The first stage is called the region proposal network (RPN). Its job is to look at the image and output a list of candidate regions that probably contain something interesting. It does not yet say what; it just says "there's a thing here, and here, and here." The RPN is trained to be high-recall: it would rather propose too many regions than miss anything. Modern RPNs typically output a few hundred or a few thousand candidate regions per image.

The second stage takes each candidate region and runs a classification network on it. For each region the classifier outputs a probability distribution over all the object categories the model knows about, plus a "background" class for "actually, nothing of interest is here." Regions that classify as background get discarded; regions that classify as a real object are kept, with their bounding boxes refined slightly by a regression head that nudges the box to fit the object more tightly.

The final output is a list of detections, each with a class, a refined bounding box, and a confidence score (the probability the classifier assigned to the chosen class).

Why two stages

Single-stage detectors like YOLO and SSD do classification and localisation in one pass, which is faster. Two-stage detectors like Faster R-CNN run the classifier separately on each candidate region, which is slower but generally more accurate. The trade-off depends on your use case. For real-time on-device inference (autonomous vehicles, security cameras), single-stage is often the right choice. For free server-side processing where a couple of seconds is acceptable, two-stage gives better results.

The role of the backbone

Both stages share a feature extractor — the backbone. This is a deep convolutional neural network that processes the image once and produces a rich feature map: a representation in which each spatial location is described by a high-dimensional vector encoding what the network has learned about that part of the image. The RPN and the classifier both operate on this shared feature map rather than re-processing the raw pixels.

The choice of backbone is the main lever for trading speed against accuracy. ResNet-50 and ResNet-101 are common high-accuracy choices. MobileNet V3 is a lighter alternative designed for efficiency: smaller, faster, and only modestly less accurate. We use MobileNet V3 in our object detector because it produces good results in 2–3 seconds on a single CPU thread, with no GPU required.

What COCO is and why it matters

The dataset a detector is trained on shapes everything about what it can do. The dominant detection benchmark is COCO — Common Objects in Context — released by Microsoft Research in 2014 and continually expanded since. COCO contains around 330,000 images, with 80 object categories labelled across them.

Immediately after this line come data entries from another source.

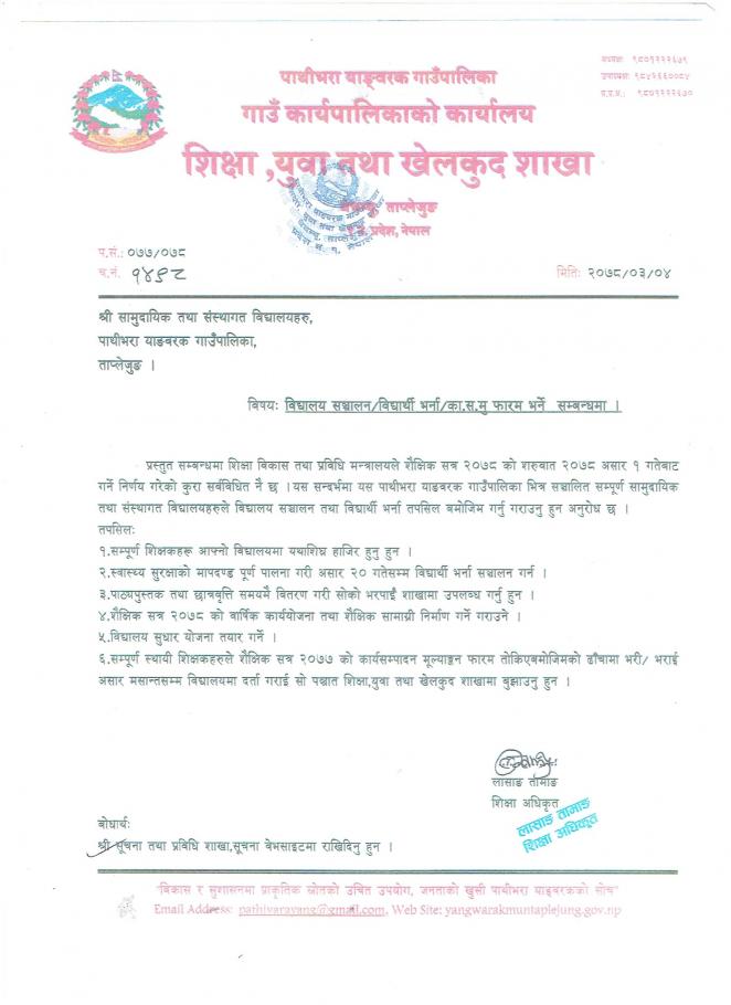 विद्यालय संचालन / विद्यालय भर्ना / का.स.मु फारम भर्ने सम्बन्धमा |
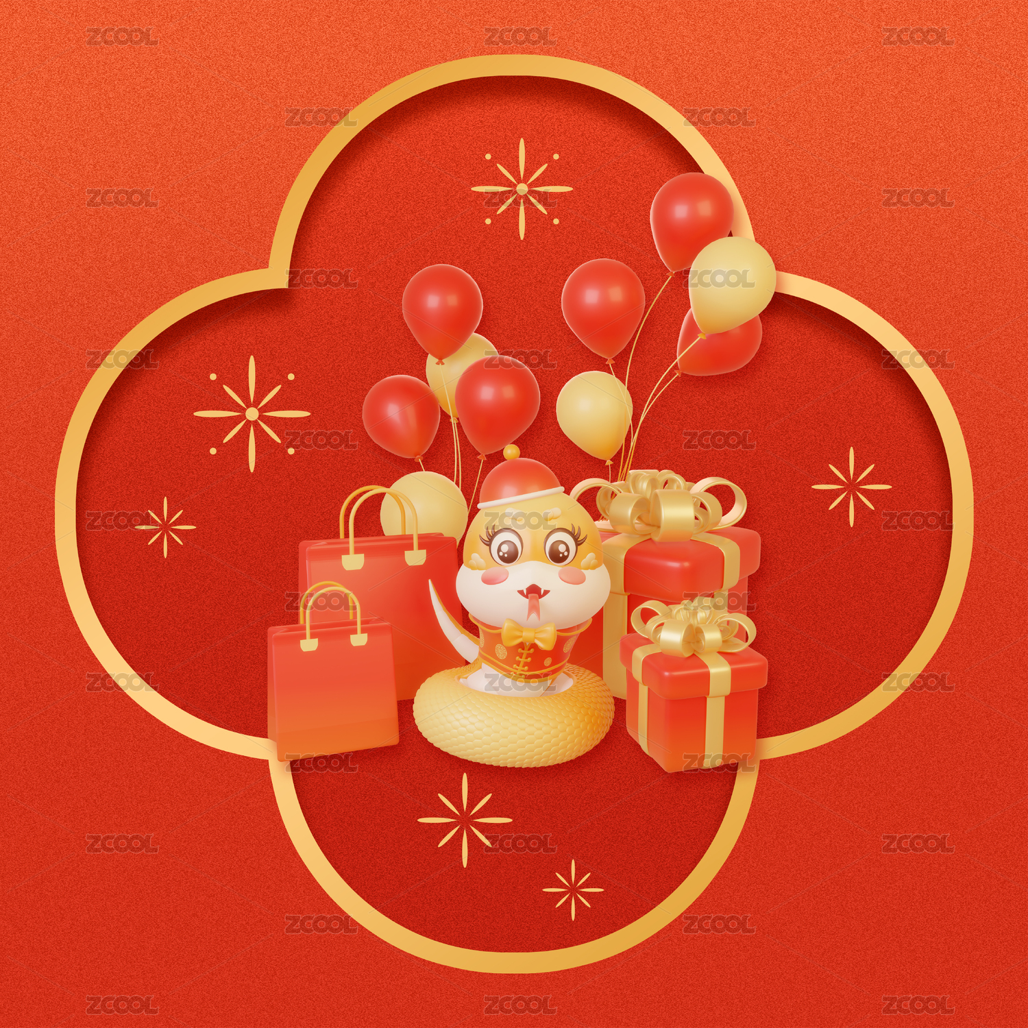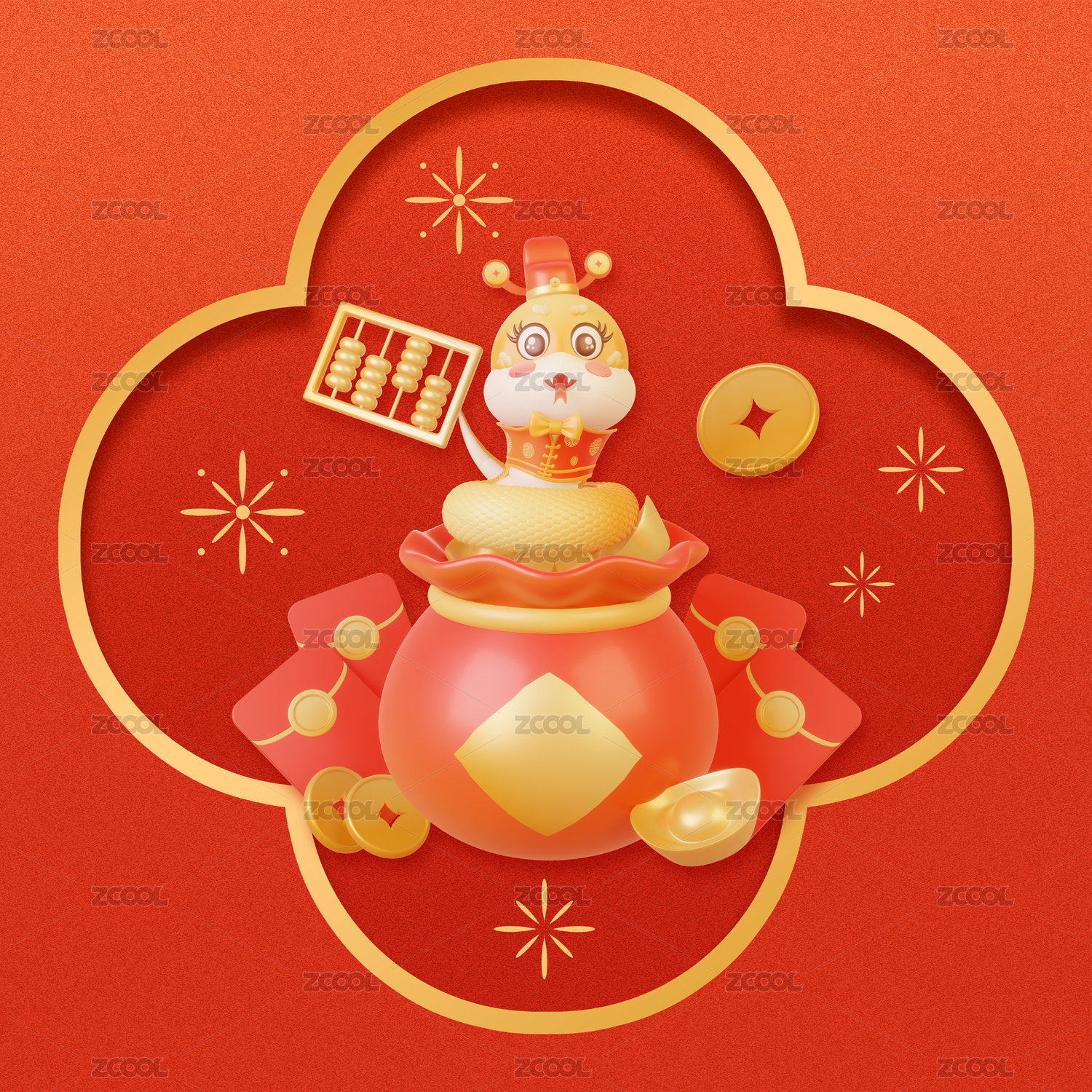 3d蛇年金蛇春節(jié)紅金色金融理財(cái)方形插畫
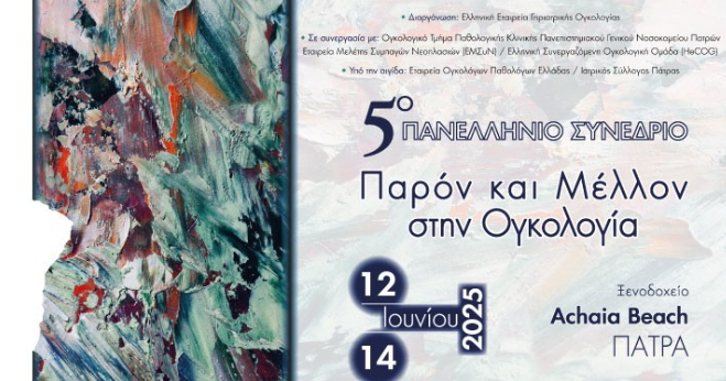 Με ιδιαίτερη χαρά σας προσκαλούμε στο 5ο Πανελλήνιο Συνέδριο «Παρόν και Μέλλον στην Ογκολογία», το οποίο θα πραγματοποιηθεί από τις 12 έως και τις 14 Ιουνίου 2025 στο ξενοδοχείο Achaia Beach στην Πάτρα.
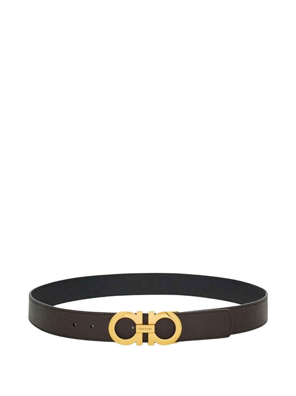 Gancini leather belt Highlights - Dark brown - Leather - Gold-tone buckle - Reversible - Punched holes Made in Italy Composition Calf Leather 100%
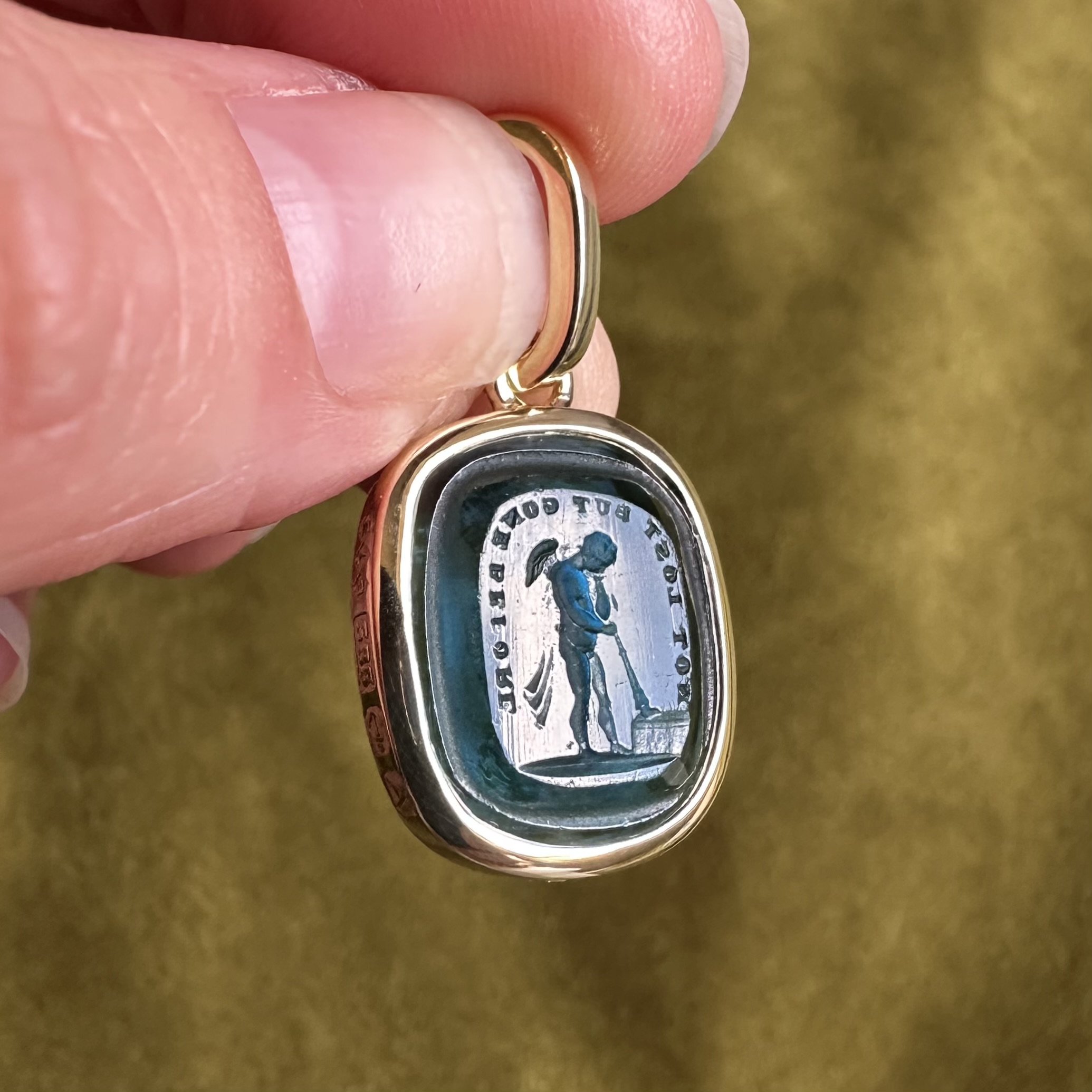 The phrase ‘Not lost but gone before’ is commonly found on antique mourning jewellery from the Georgian and Victorian eras, particularly lockets and rings. It was seen as a comforting expression of remembrance and a way to publicly display grief and respect for the deceased. The phrase is occasionally found on antique wax seals where it would have been used for expressing condolences and remembrance on correspondence. We re-imagined this special Tassie seal into a wearable piece of talisman jewelry for today by setting it as a Classic Intaglio Pendant for our client.
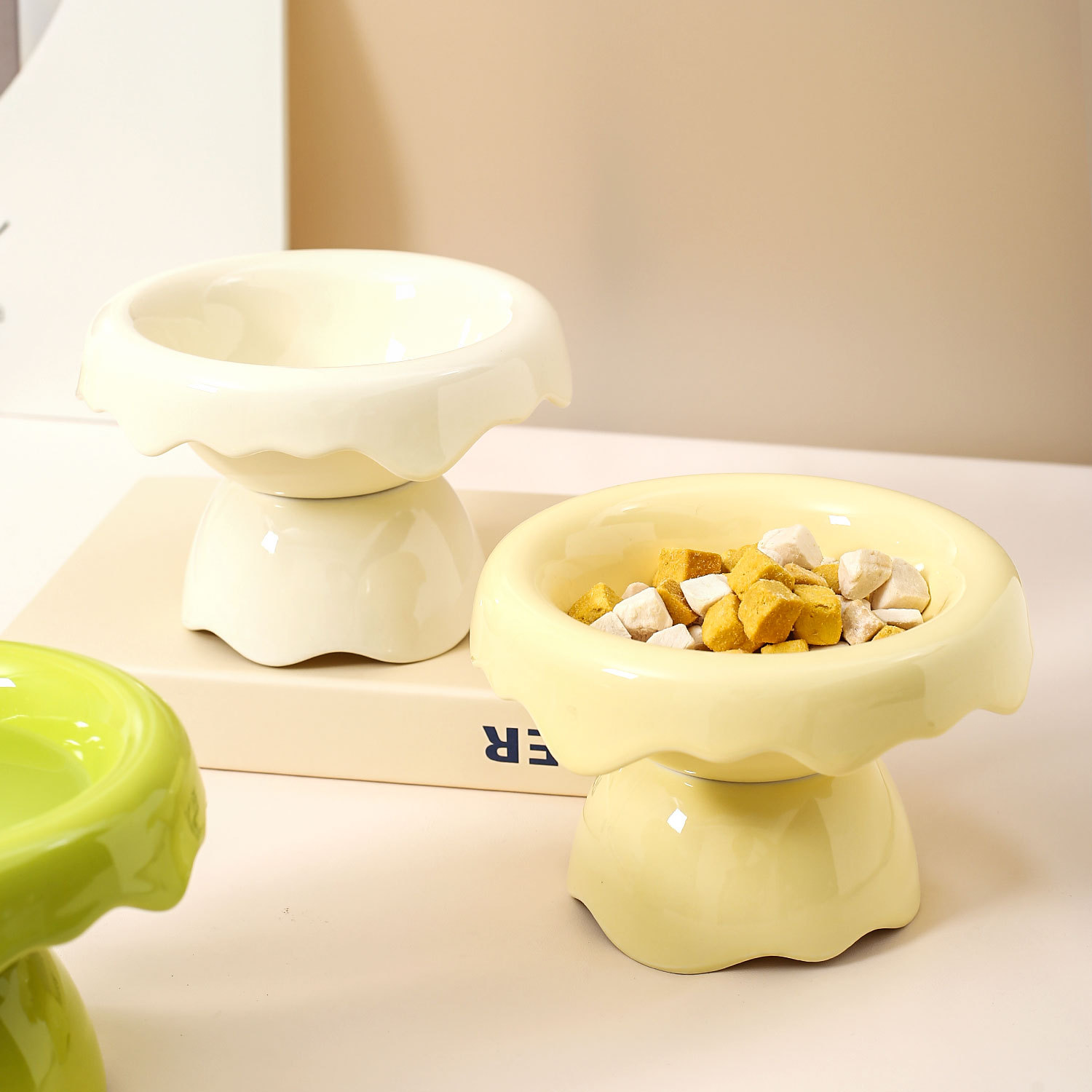 花びらの猫の碗の陶磁器は取り外し可能な高足の碗の猫のたらいの頚椎の犬の食糧の碗のペット用品の猫に水の碗を与えます。

The 80 categories are heavily skewed toward Western, urban, contemporary scenes: people, common pets, vehicles, kitchen items, furniture, sports equipment, electronics. There is no bicycle helmet, no rice cooker, no traditional clothing from outside Western Europe and North America, no laboratory equipment, no construction tool. The model literally cannot recognise things it has not seen — and it has only seen 80 categories, biased toward what tech-company researchers in Silicon Valley were photographing in 2014.

This is one of the most important caveats about any pre-trained object detector: the model's worldview is the dataset's worldview. If you upload a photo from a context the dataset under-represents, expect mediocre results.

Confidence scores: what they mean and what they don't

Every detection comes with a number between 0 and 1, often called a confidence score. It is tempting to interpret this as the probability that the detection is correct. It isn't, quite.

The score reflects the classifier's output probability for the predicted class — a number that summarises how strongly the model preferred that class over all the others. A high score means the model was very sure of its choice given the features it extracted. It does not account for the possibility that the features themselves are misleading. A model can be 95% confident that a wolf is a dog, because at the feature level, wolves and dogs are extremely similar.

That is also why models can be confidently wrong. The classifier's confidence is calibrated against the categories it was trained on, not against the open world of all possible images.

Common failure modes

Stylised inputs. Photos run through Instagram filters, anime conversions, line drawings, and abstract art are all out-of-distribution. The detector either misses everything or hallucinates wildly.
Unusual angles. COCO photos are taken from roughly eye-level. Top-down drone shots, ground-level macro, fisheye, and dashcam-style perspectives all confuse the model.
Tiny objects in wide frames. Anything smaller than about 20 pixels on its longest side is hard. Faster R-CNN has multi-scale variants designed to mitigate this, but they have limits.
Heavy occlusion. Objects hidden behind other objects often get missed entirely.
Adversarial-looking patterns. Striped clothing, regular geometric backgrounds, and certain printed patterns can produce phantom detections.
Categories outside COCO. A laptop bag classifies as "backpack" or "handbag." A bidet classifies as "toilet." The model picks the closest category it knows and reports it confidently.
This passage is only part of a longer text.